COMMUNITY WASTE FORUM AT DROMANA

29 October 2017

 

Good afternoon everyone. Thank you Mayor Colomb for your welcome. Might I also thank our own Chief Operating officer Niall McDonnagh, Jess Wingad our Manager Climate Change Energy and Water and Daniel Hinson Team leader Waste for organizing this important forum on behalf of Council.

For those whom I have not met, Hugh Fraser is my name. My ward is Nepean Ward – the next ward down the road – but we all have one problem in common – our waste! This is something we all have to know about because its proper management is essential for our personal wellbeing and that of our environment.

And waste costs Council and the ratepayers $20m per annum. Critical that we as a community and as a Council do our very best to dispose of our waste in accordance with the world’s best practice.

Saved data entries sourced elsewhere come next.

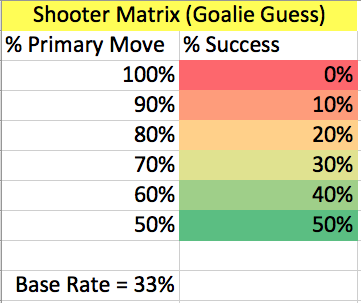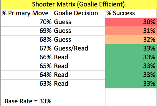 In the goalie plays you efficiently, however, these percentages won’t hold up because once your success rate gets to the base rate, he will change to reading you, and the base rate will hold. This is shown in the table below.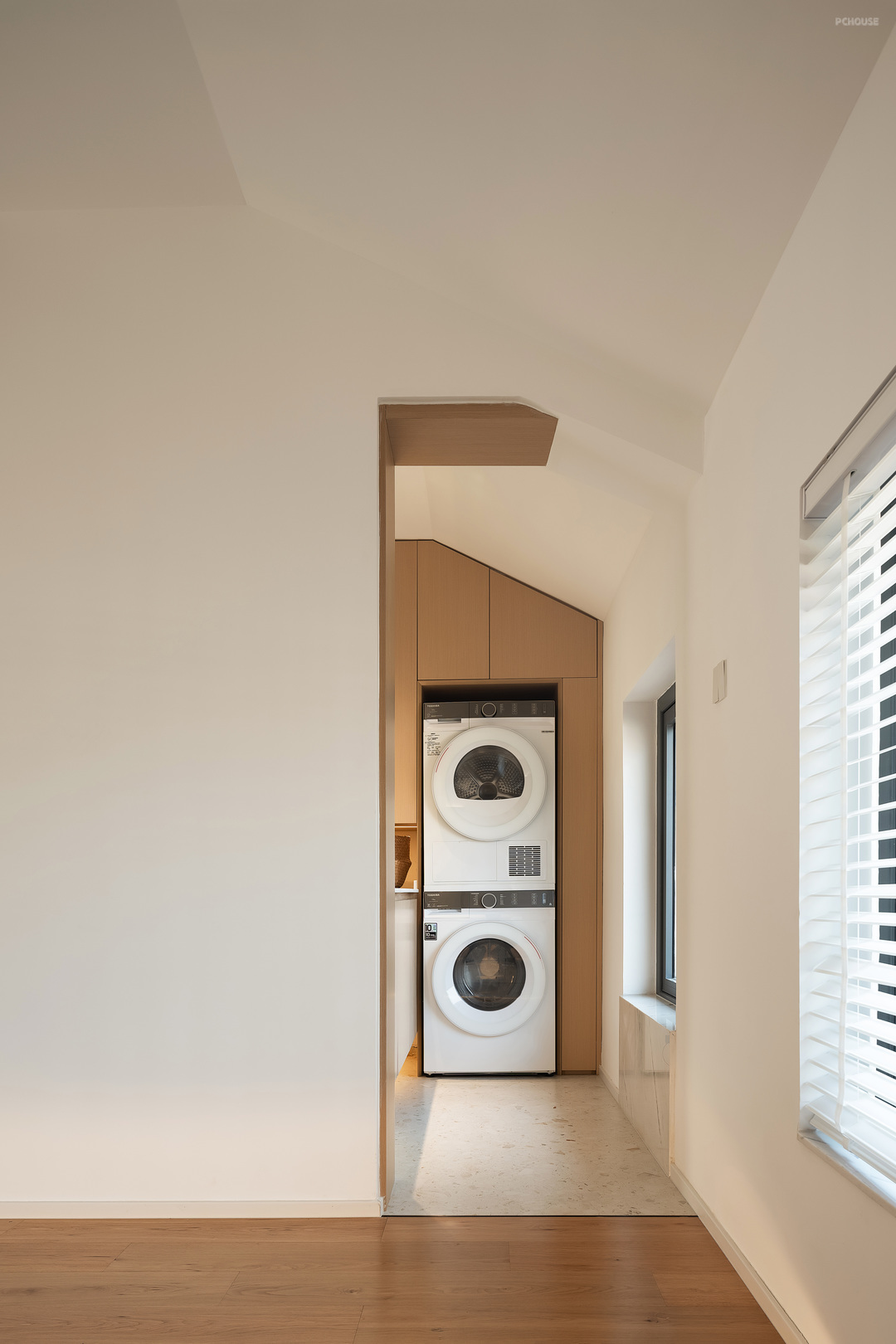 1:卫生间向南内缩,缩小湿区的空间占比,将干区洗漱功能移至卫生间北墙,在靠窗处还放置了洗烘机套装。干区与洗衣区共用了过道空间,而且使其功能更具备灵活性,采光也得到了很好的改善。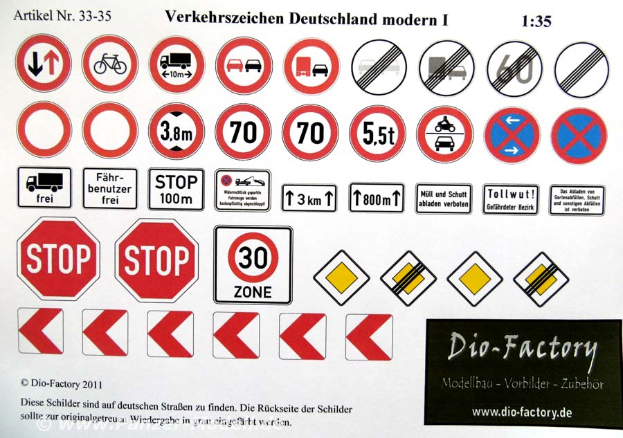 Die Auswahl der Schilder ist sehr gut und lässt dem Modellbauer viele Möglichkeiten. Vorfahrtsstraßen, wie auch Stoppschilder sind enthalten wie Geschwindigkeitsbegrenzung 70, Überholtverbot, Aufhebungszeichen, Halteverbote, Durchfahrtsverbote, usw.

I propose to speak about two sources of waste – first, what we put down to the septic tank or sewer and secondly, what goes into our wheelie bins – in which our application of technology is lagging well behind World’s best practice.

First, turning to what we put down to the septic or sewer. Earlier this year I had a close look at Dover Castle – a massive medieval stone structure. The castle has large halls with bedrooms on the upper level and buried in its 10m thick walls are a number of small communication passages, spiral stairs, and service rooms. One was carved out of the interior of the walls, had a raised bench at one end with a wooden bench top and a suitably sized round hole a piece of rope and a bucket!

It was, of course, a mediaeval equivalent of our very own septic tank – waste disposal technology – if that is what it can be called – still in use here on the Mornington Peninsula 800 years later.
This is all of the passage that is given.